■ **Source data**
[Start of Attachment]

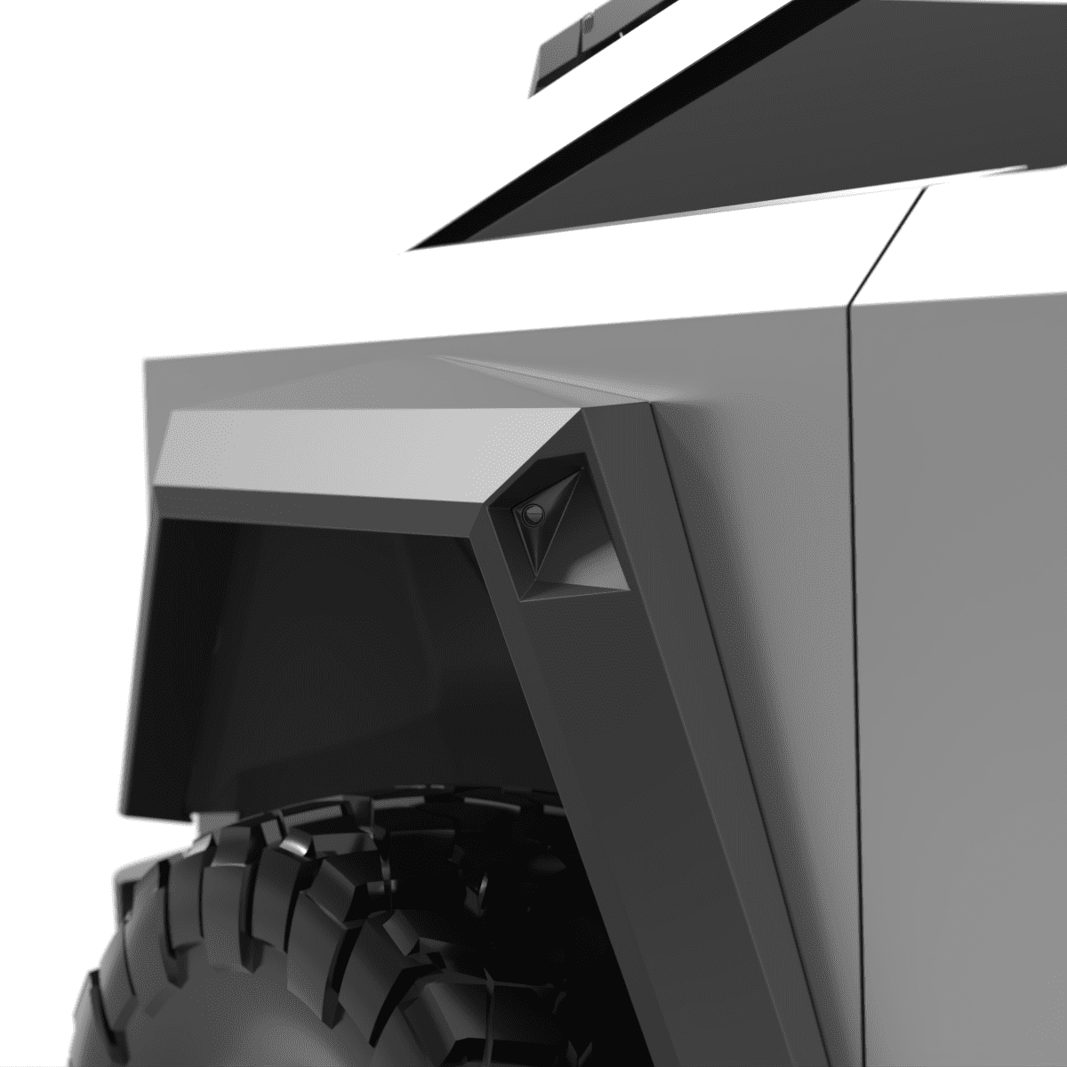 The camera system remains fully functional. The UP INVINCIBLE® Fender Flares retain unobstructed Cybertruck cameras in their original positions ensuring maximum visibility and full functionality of the inevitable full-self driving (FSD).
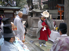 【大阪】在日本韓民族仏教徒総連合会(金光徳会長、宝厳寺住職)は3日、生野区の御幸森天神宮で、日本に論語と千字文を伝えたとされる王仁博士への報恩感謝の礼を捧げた。式は同宮内に建立された王仁博士の難波津歌碑前で行われた。碑の建立に寄与した古代ロマン塾(姜信英代表)との共催。
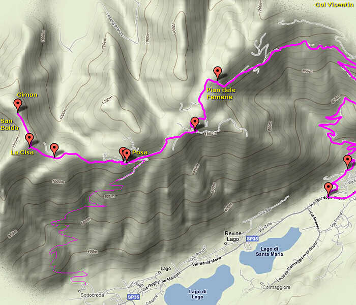 | traccia Gps dell'escursione e itinerario interattivo con Google/Earth escursioni dal Pian dele Femene |
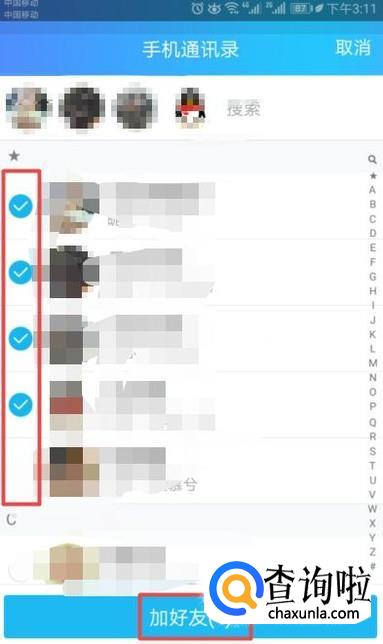 之后我们选中多个手机通讯录联系人,然后我们点击加好友就可以了。
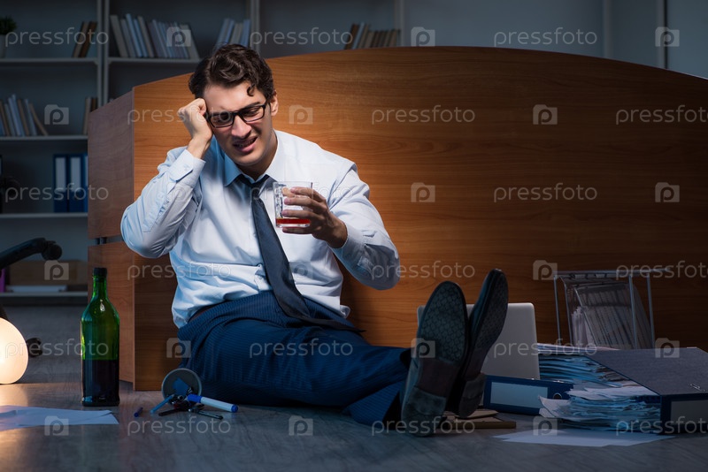 Стрессовый бизнесмен, работающий сверхурочно в депрессии
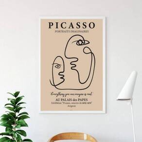 Quadro picasso - everything you imagine is real 33x24cm - com vidro Moldura: madeira preta Informações do produto tire todas as suas dúvidas no descritivo abaixo: decoração para quarto, sala, cozinha, escritório, área gourmet e muito mais. Chega de paredes vazias medidas - cada peça tem 33x24cm a4 . Material do papel - papel fotográfico brilhante de altíssima resolução acabamento - todos os quadros são acompanhados de vidro para proteção da imagem. - moldura em madeira maciça na cor preta ou branca conforme produto escolhido e pendurador . - os quadros são embalados de forma segura com plástico bolha com camada dupla de acordo com o tamanho dos quadros. Garantia - garantia de 3 meses. Meu quadro chegou. Como posso fixá-lo Você precisa apenas de um martelo e um prego, pois os quadros já vão acompanhados de penduradores. Esta é a forma mais indicada. Como posso limpar meu quadro A limpeza é feita como um móvel comum da sua casa. Apenas um pano seco ou espanador são suficientes para tal

[End of Attachment]

■ **What to produce**
The entries are to be transcribed word for word, without their images.

■ **Reply**
 The camera system remains fully functional. The UP INVINCIBLE® Fender Flares retain unobstructed Cybertruck cameras in their original positions ensuring maximum visibility and full functionality of the inevitable full-self driving (FSD).
 【大阪】在日本韓民族仏教徒総連合会(金光徳会長、宝厳寺住職)は3日、生野区の御幸森天神宮で、日本に論語と千字文を伝えたとされる王仁博士への報恩感謝の礼を捧げた。式は同宮内に建立された王仁博士の難波津歌碑前で行われた。碑の建立に寄与した古代ロマン塾(姜信英代表)との共催。
 | traccia Gps dell'escursione e itinerario interattivo con Google/Earth escursioni dal Pian dele Femene |
 之后我们选中多个手机通讯录联系人,然后我们点击加好友就可以了。
 Стрессовый бизнесмен, работающий сверхурочно в депрессии
 Quadro picasso - everything you imagine is real 33x24cm - com vidro Moldura: madeira preta Informações do produto tire todas as suas dúvidas no descritivo abaixo: decoração para quarto, sala, cozinha, escritório, área gourmet e muito mais. Chega de paredes vazias medidas - cada peça tem 33x24cm a4 . Material do papel - papel fotográfico brilhante de altíssima resolução acabamento - todos os quadros são acompanhados de vidro para proteção da imagem. - moldura em madeira maciça na cor preta ou branca conforme produto escolhido e pendurador . - os quadros são embalados de forma segura com plástico bolha com camada dupla de acordo com o tamanho dos quadros. Garantia - garantia de 3 meses. Meu quadro chegou. Como posso fixá-lo Você precisa apenas de um martelo e um prego, pois os quadros já vão acompanhados de penduradores. Esta é a forma mais indicada. Como posso limpar meu quadro A limpeza é feita como um móvel comum da sua casa. Apenas um pano seco ou espanador são suficientes para tal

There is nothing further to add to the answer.